Fourth Annual DNA Grantees' Workshop

Monday, June 23, 2003

AFTERNOON SESSION

Practitioner Session #1: Systematic and Rational Approaches to Improve Forensic Practice, Method Harmonization, and Education and Training Standards in Forensic Science
Carl M. Selavka, Ph.D., Moderator
Biography

DR. SELAVKA: Thank you very much. My name is Carl Selavka. I'm the senior program manager in the National Institute of Justice's Investigative Forensic Sciences Division. I oversee the Crime Lab Improvement Program earmarks, which is a $44 million program this year with 43 lucky recipients, three of whom are from the Forensic Resource Network. I've been there for 7 months and 19 days as an accidental tourist from the Massachusetts State Police Crime Laboratory System, of which we have a couple of representatives here today.

As I was looking over the program today, I was trying to figure out what ties together the four presenters in this next session. The one thing that really sets them apart from the rest of the program is that they're all going to be talking about ways of providing systematic and rational approaches to improve forensic practice, method harmonization, and education and training standards in forensic science. All of them are going to bear something about how we can do better in every laboratory, in every research and development environment, and in every application of training and education down the road.

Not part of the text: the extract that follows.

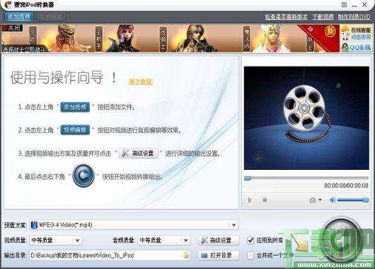 1、将几乎全部格式音视频转换为苹果ipod机支持的视频格式;电脑里的电影视频能随意在苹果ipod机上观看。
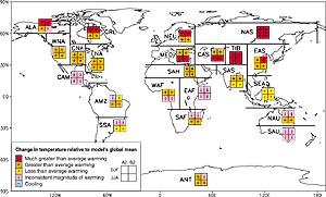 Introduction Analysis The SRES results may be compared with the earlier results summarised in Figures 10.4 and 10.6 (which will be referred to here as the IS92a results). However, it should be noted that these two sets of results differ in the set of models used (both in the model versions and in the total number of simulations), and in the scenarios contrasted in each case (for IS92a it is GHG-only versus GHG+sulphate and for SRES it is A2 versus B2). Also, due to differences in the number of models, thresholds for agreement are not the same in each case (although they have been chosen to be as nearly equivalent as possible).

Streamlined Processing of Sexual Assault Kits: Progress and Early Applications
Jack Ballantyne
Biography

DR. SELAVKA: So without further ado, I'd like to give you our first presenter. Dr. Jack Ballantyne is an associate professor in the Department of Chemistry at the University of Central Florida (UCF). He's also the associate director of the National Center for Forensic Science (NCFS), a Forensic Resource Network partner at UCF.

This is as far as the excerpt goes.